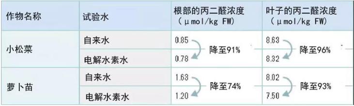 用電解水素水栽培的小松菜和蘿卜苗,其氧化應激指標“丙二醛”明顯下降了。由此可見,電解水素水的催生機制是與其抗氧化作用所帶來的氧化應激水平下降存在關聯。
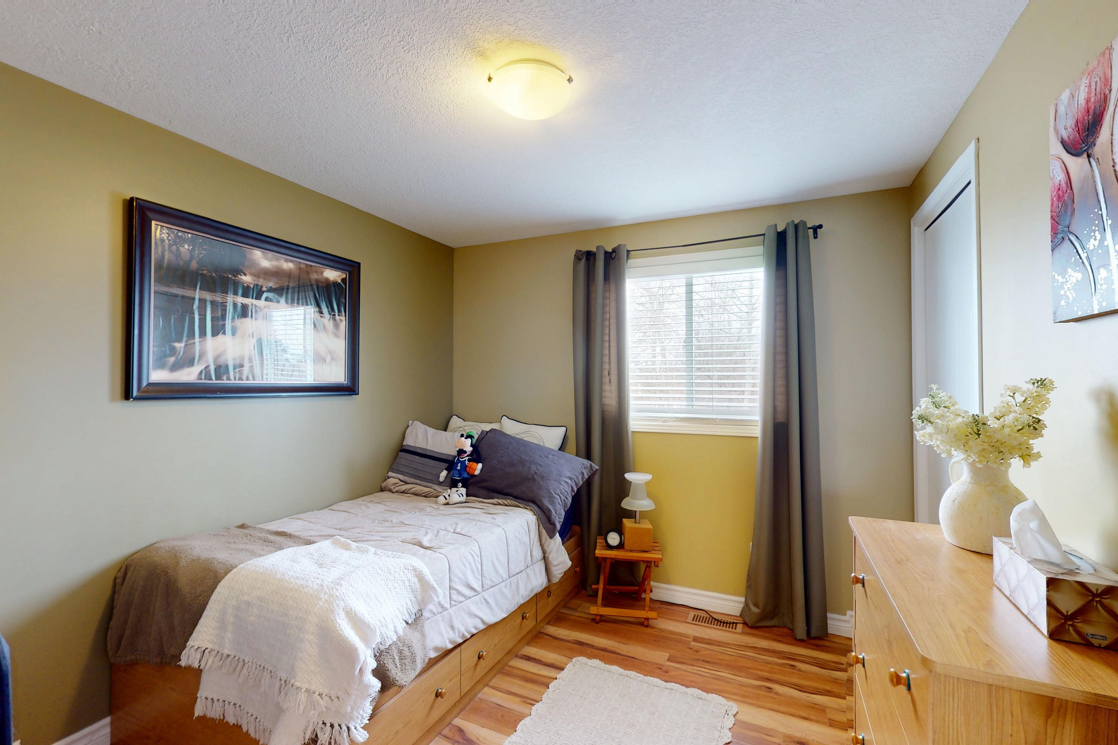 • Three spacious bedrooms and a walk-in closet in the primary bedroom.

****

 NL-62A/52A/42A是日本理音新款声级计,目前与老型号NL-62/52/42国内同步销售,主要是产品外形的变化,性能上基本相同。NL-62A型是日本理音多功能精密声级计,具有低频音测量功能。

****

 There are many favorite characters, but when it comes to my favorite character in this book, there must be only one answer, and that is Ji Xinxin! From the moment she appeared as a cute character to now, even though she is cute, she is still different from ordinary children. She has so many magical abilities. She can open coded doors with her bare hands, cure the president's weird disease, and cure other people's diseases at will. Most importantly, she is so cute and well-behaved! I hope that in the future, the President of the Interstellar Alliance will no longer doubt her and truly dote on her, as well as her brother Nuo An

****

**ACTIVITY**
Starting at the line with "用電解水素水栽培的小松菜和蘿" and finishing at the line with "the primary bedroom.", copy the material above exactly, both lines included. Nothing else goes in, and no pictures.

**YOUR SOLUTION**
 用電解水素水栽培的小松菜和蘿卜苗,其氧化應激指標“丙二醛”明顯下降了。由此可見,電解水素水的催生機制是與其抗氧化作用所帶來的氧化應激水平下降存在關聯。
 • Three spacious bedrooms and a walk-in closet in the primary bedroom.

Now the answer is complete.